The sandbox starts with a restricted JavaScript context and then injects a small bridge layer. Each MCP tool is registered as a synchronous JavaScript function. Whenever one of these functions is called, the bridge translates the JavaScript arguments into JSON, calls the corresponding MCP tool with the JSON payload, and translates the JSON response back into a JavaScript value.

allowAllAccess is set to false to prevent the executed code from accessing the Java internals of the application. The only way for the executed code to interact with the outside world is through the defined bridges. This is important for security, as it prevents the executed code from doing anything malicious or unintended in the Java application.

  public ExecutionResult execute(String code) {
    List<String> logs = new ArrayList<>();

    try (Context ctx = Context.newBuilder("js").allowAllAccess(false).option("js.strict", "false").build()) {

      Value bindings = ctx.getBindings("js");

      // console.log bridge
      bindings.putMember("__host_log", (org.graalvm.polyglot.proxy.ProxyExecutable) args -> {
        StringBuilder sb = new StringBuilder();
        for (Value arg : args) {
          sb.append(arg.toString());
        }
        logs.add(sb.toString());
        return null;
      });

      // Register each MCP tool as a synchronous JS callable
      for (ToolCatalog.ToolEntry entry : this.catalog.all()) {
        String callable = entry.callable();

        bindings.putMember("__bridge_" + callable, (org.graalvm.polyglot.proxy.ProxyExecutable) args -> {
          String argsJson = args.length > 0 ? args[0].asString() : "{}";
          return invokeTool(entry.name(), argsJson);
        });
      }

JsSandbox.java

The prelude that is prepended to the model-generated code exposes these bridges as normal JavaScript functions.
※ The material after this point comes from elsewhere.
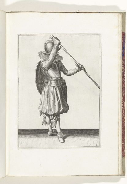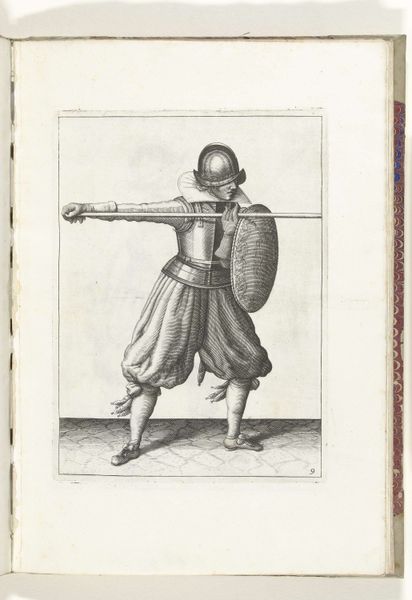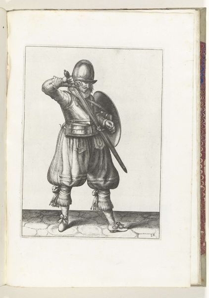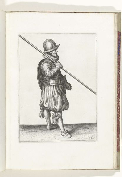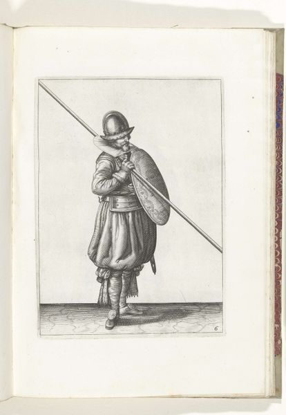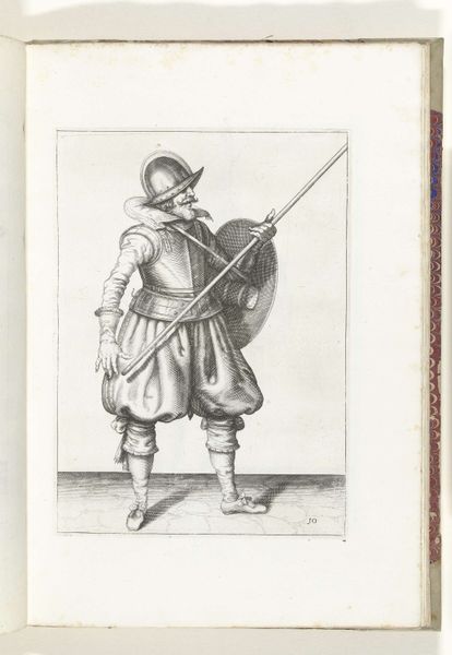 This print, made in 1618 by Adam van Breen, shows a soldier with a shield and spear, readying for battle. The printmaking process itself is crucial here. The fine lines were likely achieved through etching or engraving, techniques demanding precision and skill. Think of the labor involved in creating each mark, each line contributing to the overall image of military readiness. The texture of the print, though subtle, adds depth to the soldier's gear, from the polished helmet to the heavy fabric of his trousers. The material qualities of the print also speak to its social context. In a time before mass media, prints like these were vital for disseminating information and standardizing military training. They were a means of conveying knowledge and skill, contributing to the organization of labor and power within the military. Ultimately, this print reminds us that even seemingly simple images are deeply embedded in processes of making, social structures, and cultural values. It challenges us to look beyond the surface and consider the labor and context that give an artwork its full meaning.

  private String buildPrelude() {
    var sb = new StringBuilder();
    sb.append("const console = {\n");
    sb.append("  log: (...args) => __host_log(args.map(a => JSON.stringify(a)).join(' ')),\n");
    sb.append("};\n");

    for (ToolCatalog.ToolEntry entry : this.catalog.all()) {
      String callable = entry.callable();
      sb.append("function ")
        .append(callable)
        .append("(args) { const r = JSON.parse(__bridge_")
        .append(callable)
        .append("(JSON.stringify(args || {}))); if (r.error) { throw new Error(r.error); } return r.value; }\n");
    }
    return sb.toString();
  }

JsSandbox.java

Finally, the sandbox evaluates the JavaScript program and converts the result back into plain Java values.

      String prelude = buildPrelude();
      String wrapped = prelude + "\n(() => {\n" + code + "\n})()";
      Value result = ctx.eval("js", wrapped);

      Object value = toJavaValue(result);
      return new ExecutionResult(logs, value);

JsSandbox.java

Wrapping up ¶

Implementing the code mode pattern in Java is not too complicated, thanks to the GraalVM JavaScript engine that allows us to execute JavaScript code in a sandboxed environment. The main challenge is to define a clear API for the tools and to instruct the model to use that API correctly in its code. I had to tweak the system prompt a few times to get the desired behavior from the model.